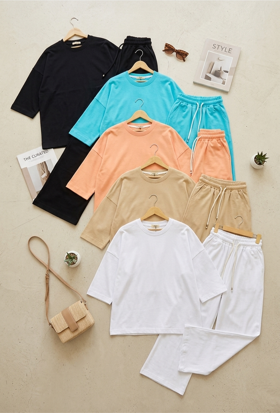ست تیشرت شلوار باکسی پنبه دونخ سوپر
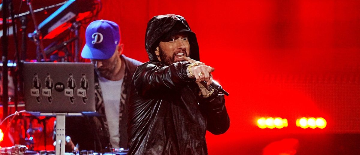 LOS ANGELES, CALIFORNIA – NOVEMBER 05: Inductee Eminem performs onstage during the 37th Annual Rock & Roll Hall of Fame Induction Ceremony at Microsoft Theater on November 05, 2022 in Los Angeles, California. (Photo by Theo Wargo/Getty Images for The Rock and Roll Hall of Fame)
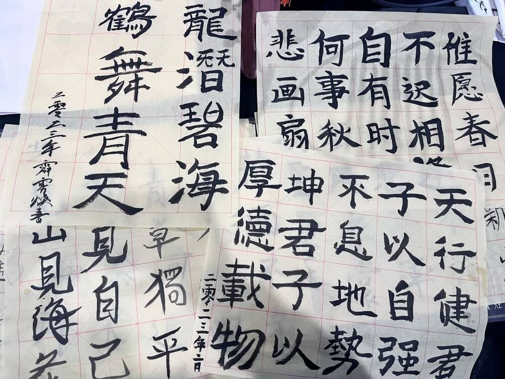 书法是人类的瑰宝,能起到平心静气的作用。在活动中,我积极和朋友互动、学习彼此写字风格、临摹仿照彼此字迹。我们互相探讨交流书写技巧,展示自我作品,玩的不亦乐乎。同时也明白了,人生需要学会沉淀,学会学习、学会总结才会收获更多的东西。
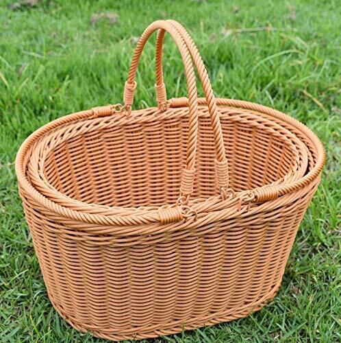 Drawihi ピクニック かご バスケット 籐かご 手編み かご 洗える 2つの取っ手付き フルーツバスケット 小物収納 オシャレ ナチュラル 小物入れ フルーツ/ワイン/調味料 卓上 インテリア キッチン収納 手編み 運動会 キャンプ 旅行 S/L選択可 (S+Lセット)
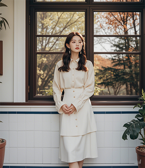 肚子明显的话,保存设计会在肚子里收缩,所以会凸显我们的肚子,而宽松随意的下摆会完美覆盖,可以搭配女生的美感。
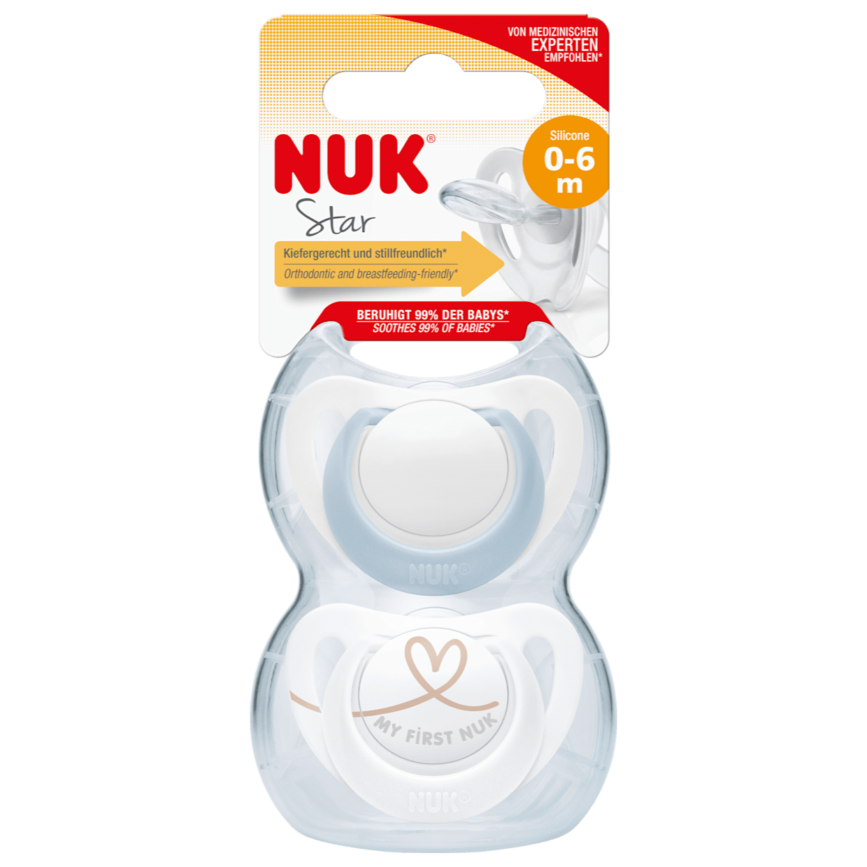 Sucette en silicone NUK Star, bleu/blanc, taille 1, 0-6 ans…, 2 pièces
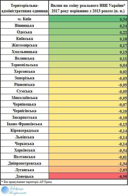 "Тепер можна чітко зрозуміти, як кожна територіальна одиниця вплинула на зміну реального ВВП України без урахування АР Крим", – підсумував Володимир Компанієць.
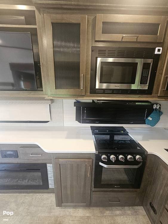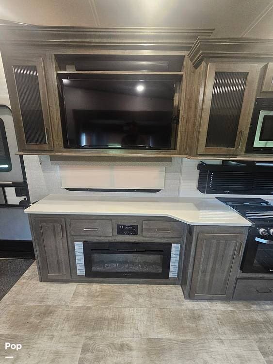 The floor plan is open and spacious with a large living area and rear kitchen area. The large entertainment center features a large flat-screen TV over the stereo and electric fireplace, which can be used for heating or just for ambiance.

About this exercise = What is needed is an exact copy of all the entries above, minus the pictures.

Problem solution =
ست تیشرت شلوار باکسی پنبه دونخ سوپر
 LOS ANGELES, CALIFORNIA – NOVEMBER 05: Inductee Eminem performs onstage during the 37th Annual Rock & Roll Hall of Fame Induction Ceremony at Microsoft Theater on November 05, 2022 in Los Angeles, California. (Photo by Theo Wargo/Getty Images for The Rock and Roll Hall of Fame)
 书法是人类的瑰宝,能起到平心静气的作用。在活动中,我积极和朋友互动、学习彼此写字风格、临摹仿照彼此字迹。我们互相探讨交流书写技巧,展示自我作品,玩的不亦乐乎。同时也明白了,人生需要学会沉淀,学会学习、学会总结才会收获更多的东西。
 Drawihi ピクニック かご バスケット 籐かご 手編み かご 洗える 2つの取っ手付き フルーツバスケット 小物収納 オシャレ ナチュラル 小物入れ フルーツ/ワイン/調味料 卓上 インテリア キッチン収納 手編み 運動会 キャンプ 旅行 S/L選択可 (S+Lセット)
 肚子明显的话,保存设计会在肚子里收缩,所以会凸显我们的肚子,而宽松随意的下摆会完美覆盖,可以搭配女生的美感。
 Sucette en silicone NUK Star, bleu/blanc, taille 1, 0-6 ans…, 2 pièces
 "Тепер можна чітко зрозуміти, як кожна територіальна одиниця вплинула на зміну реального ВВП України без урахування АР Крим", – підсумував Володимир Компанієць.
 The floor plan is open and spacious with a large living area and rear kitchen area. The large entertainment center features a large flat-screen TV over the stereo and electric fireplace, which can be used for heating or just for ambiance.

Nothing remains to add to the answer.